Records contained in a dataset
★ ★ ★

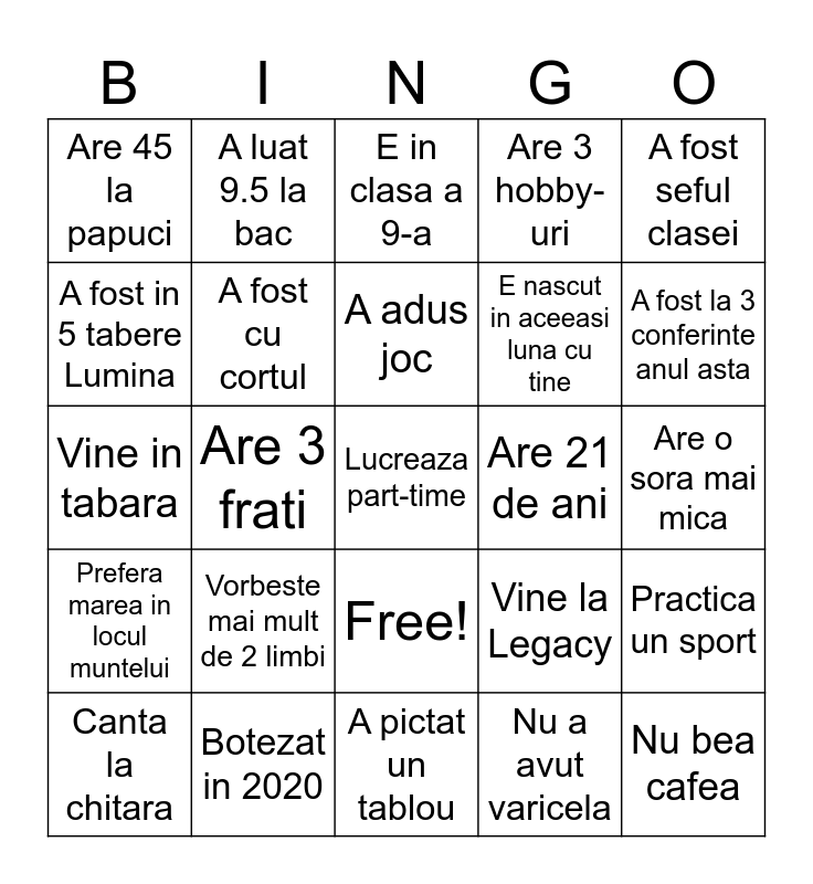 This bingo card has 26 words: Free!, Nu a avut varicela, A adus joc, Botezat in 2020, A fost seful clasei, Are 45 la papuci, A fost in 5 tabere Lumina, A luat 9.5 la bac, Are o sora mai mica, Vine la Legacy, E nascut in aceeasi luna cu tine, Vine in tabara, Practica un sport, Canta la chitara, Are 3 frati, Poate sa iti spuna un verset, Are 3 hobby-uri, Prefera marea in locul muntelui, E in clasa a 9-a, Lucreaza part-time, A fost la 3 conferinte anul asta, A pictat un tablou, Are 21 de ani, Vorbeste mai mult de 2 limbi, A fost cu cortul and Nu bea cafea.
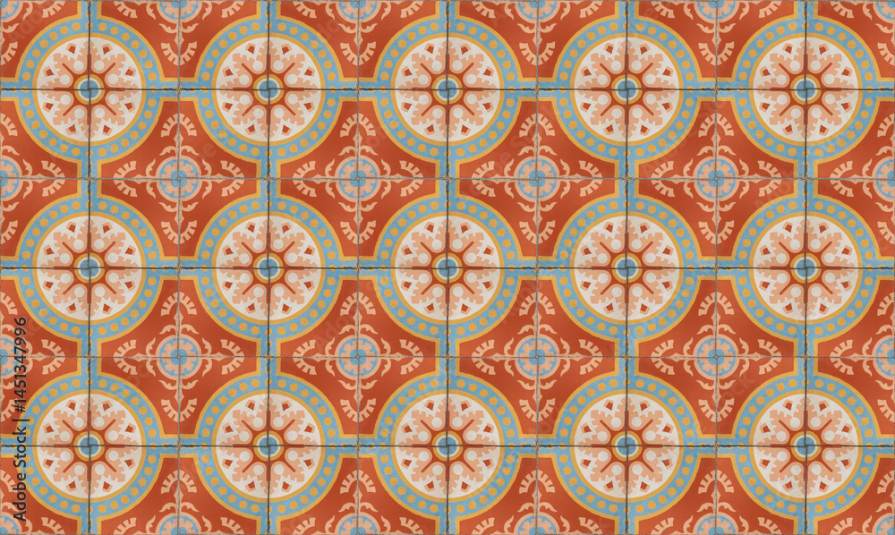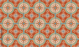 Decorative Mexican floor tile pattern, orange, blue, aqua, yellow, white, cream
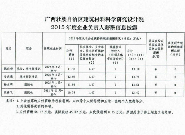 廣西壯族自治區(qū)建筑材料科學研究設計院2015年度企業(yè)負責人薪酬信息披露
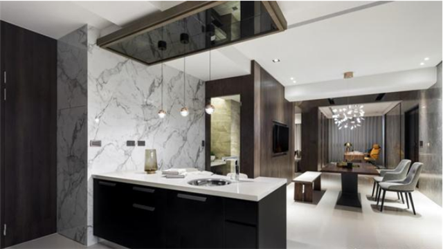 主要建材:大理石、烤漆、玻璃、栓木皮、鐵件、鍍鈦條、灰鏡
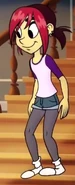 Mina has red and brown hair tied into a ponytail. She has tan skin, she also has two earrings, and buck teeth. She wears a purple t-shirt with a whitish pink around the body. She wears blue shorts over grey tights with white socks and black Converse high-top basketball sneakers. She wears a key in the hanging on her neck.
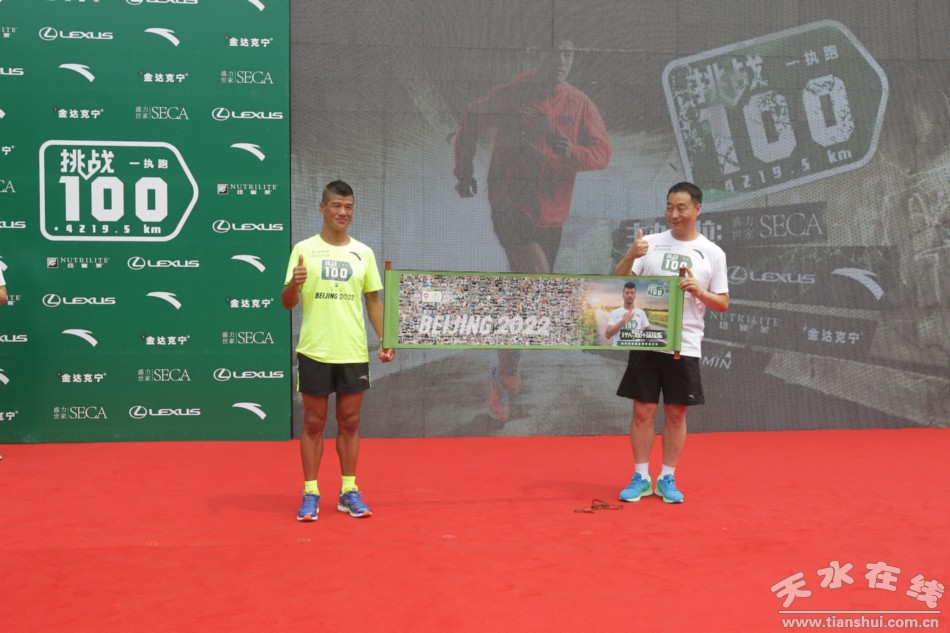 7月10日,中國(guó)極限馬拉松選手陳盆濱跑步抵達(dá)北京五棵松體育館,完成了備受矚目的“挑戰(zhàn)100”100天100個(gè)馬拉松活動(dòng),全程共計(jì)4219.54公里。4月2日從廣州出發(fā),歷經(jīng)100天跨越9省32個(gè)城市,在張朝陽(yáng)、韓庚、馮唐、毛大慶等一眾跑步愛(ài)好者的陪伴下,陳盆濱完成了從南到北的百日百馬征程,締造了一個(gè)人連續(xù)一百天跑一百個(gè)馬拉松的世界長(zhǎng)跑奇跡。北京奧促會(huì)副主席出席陳盆濱100個(gè)馬拉松終點(diǎn)慶祝儀式,為陳盆濱帶上項(xiàng)征奧運(yùn)的橄欖枝。據(jù)悉,陳盆濱本次也特別繞路到崇禮這個(gè)和北京一同申奧的城市,并和他的全程營(yíng)養(yǎng)支持伙伴安利紐崔萊一起沿路收集助力北京2022的申奧手勢(shì)。7月10日,陳盆濱將帶著他收集的對(duì)奧運(yùn)的支持,一路跑進(jìn)北京申奧收官之戰(zhàn)—冰上雅姿花樣滑冰表演現(xiàn)場(chǎng),希望能夠?yàn)樯贽k北京2022年冬奧會(huì)送上美好祝福。

★ ★ ★

- **WORK ORDER**
From the line with "Decorative Mexican floor" to the final line of the records, inclusive, set down the lines exactly and add nothing; leave every picture out.

- **RESULT OF THE EXERCISE**
 Decorative Mexican floor tile pattern, orange, blue, aqua, yellow, white, cream
 廣西壯族自治區(qū)建筑材料科學研究設計院2015年度企業(yè)負責人薪酬信息披露
 主要建材:大理石、烤漆、玻璃、栓木皮、鐵件、鍍鈦條、灰鏡
 Mina has red and brown hair tied into a ponytail. She has tan skin, she also has two earrings, and buck teeth. She wears a purple t-shirt with a whitish pink around the body. She wears blue shorts over grey tights with white socks and black Converse high-top basketball sneakers. She wears a key in the hanging on her neck.
 7月10日,中國(guó)極限馬拉松選手陳盆濱跑步抵達(dá)北京五棵松體育館,完成了備受矚目的“挑戰(zhàn)100”100天100個(gè)馬拉松活動(dòng),全程共計(jì)4219.54公里。4月2日從廣州出發(fā),歷經(jīng)100天跨越9省32個(gè)城市,在張朝陽(yáng)、韓庚、馮唐、毛大慶等一眾跑步愛(ài)好者的陪伴下,陳盆濱完成了從南到北的百日百馬征程,締造了一個(gè)人連續(xù)一百天跑一百個(gè)馬拉松的世界長(zhǎng)跑奇跡。北京奧促會(huì)副主席出席陳盆濱100個(gè)馬拉松終點(diǎn)慶祝儀式,為陳盆濱帶上項(xiàng)征奧運(yùn)的橄欖枝。據(jù)悉,陳盆濱本次也特別繞路到崇禮這個(gè)和北京一同申奧的城市,并和他的全程營(yíng)養(yǎng)支持伙伴安利紐崔萊一起沿路收集助力北京2022的申奧手勢(shì)。7月10日,陳盆濱將帶著他收集的對(duì)奧運(yùn)的支持,一路跑進(jìn)北京申奧收官之戰(zhàn)—冰上雅姿花樣滑冰表演現(xiàn)場(chǎng),希望能夠?yàn)樯贽k北京2022年冬奧會(huì)送上美好祝福。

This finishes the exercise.